Fossil leaves embedded in time

Environment Institute’s Professor Bob Hill has helped to leave a historical mark on the suburban Melbourne landscape.

In the early 1990s works at the Berwick Quarry, about 40 minutes south of Melbourne, revealed a significant new complex collection of flora fossils. Professor Hill and colleagues published the paper ‘The Oligocene Berwick Quarry Flora – Rainforest in a drying environment’ in Australian Systematic Botany. Especially important at this site was finding both fossil Nothofagus and Eucalyptus species present at the same time.

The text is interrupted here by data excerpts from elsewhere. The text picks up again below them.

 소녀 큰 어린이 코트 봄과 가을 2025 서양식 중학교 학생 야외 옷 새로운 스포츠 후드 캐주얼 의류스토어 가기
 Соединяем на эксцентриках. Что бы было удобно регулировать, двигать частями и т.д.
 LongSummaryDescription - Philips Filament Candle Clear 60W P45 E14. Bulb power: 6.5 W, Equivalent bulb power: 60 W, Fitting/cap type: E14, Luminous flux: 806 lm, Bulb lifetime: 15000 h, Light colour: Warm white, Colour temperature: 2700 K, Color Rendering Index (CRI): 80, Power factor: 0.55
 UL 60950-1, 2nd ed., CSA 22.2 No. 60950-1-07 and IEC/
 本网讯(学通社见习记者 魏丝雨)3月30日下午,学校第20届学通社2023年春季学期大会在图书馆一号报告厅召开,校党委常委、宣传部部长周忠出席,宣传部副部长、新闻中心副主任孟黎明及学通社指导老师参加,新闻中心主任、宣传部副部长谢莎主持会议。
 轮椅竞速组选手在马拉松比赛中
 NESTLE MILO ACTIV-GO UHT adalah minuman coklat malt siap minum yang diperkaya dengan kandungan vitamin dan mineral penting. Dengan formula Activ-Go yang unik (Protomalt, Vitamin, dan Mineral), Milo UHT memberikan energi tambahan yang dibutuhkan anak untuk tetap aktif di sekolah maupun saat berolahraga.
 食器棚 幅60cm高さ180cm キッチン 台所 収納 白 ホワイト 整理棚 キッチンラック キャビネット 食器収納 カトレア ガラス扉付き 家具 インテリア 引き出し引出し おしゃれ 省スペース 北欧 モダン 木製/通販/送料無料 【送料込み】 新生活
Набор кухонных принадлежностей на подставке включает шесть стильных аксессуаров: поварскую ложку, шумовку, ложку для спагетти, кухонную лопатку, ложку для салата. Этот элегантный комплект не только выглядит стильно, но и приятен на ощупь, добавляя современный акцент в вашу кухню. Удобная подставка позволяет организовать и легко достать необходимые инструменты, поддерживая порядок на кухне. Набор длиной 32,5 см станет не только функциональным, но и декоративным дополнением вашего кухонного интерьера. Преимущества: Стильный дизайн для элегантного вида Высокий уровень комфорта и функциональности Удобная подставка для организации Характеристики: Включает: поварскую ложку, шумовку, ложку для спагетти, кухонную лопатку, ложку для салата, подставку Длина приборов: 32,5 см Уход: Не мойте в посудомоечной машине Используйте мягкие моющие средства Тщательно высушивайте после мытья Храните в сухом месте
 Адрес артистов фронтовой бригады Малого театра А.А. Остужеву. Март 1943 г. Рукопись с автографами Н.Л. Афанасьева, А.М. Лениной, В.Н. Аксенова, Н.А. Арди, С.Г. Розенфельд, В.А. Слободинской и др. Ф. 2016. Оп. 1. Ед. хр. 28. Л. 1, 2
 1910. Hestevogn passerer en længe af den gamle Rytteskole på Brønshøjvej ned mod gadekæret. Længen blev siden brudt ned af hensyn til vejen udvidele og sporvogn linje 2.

Their research revealed the flora in the area 23 million years ago was covered in rainforest and open taxa, indicating a period of changing climatic conditions.

Fast forward several decades to the planning and construction of a major new project in Melbourne, notably the removal of the Clyde Road level crossing in Berwick. At an early stage the design team contacted Professor Bob Hill and worked with him to create a design based on a fossil leaf species his team described in the 1990s. The leaves were used as a basis for the designs cast into the concrete walls of the underpass built at the old railway crossing site.

The original research was undertaken in conjunction with the Berwick Council, and nearly 30 years later the loop has been closed, with the fossils embedded back into the local environment at Berwick. A beautiful and salient reminder for the community of the area’s historic past.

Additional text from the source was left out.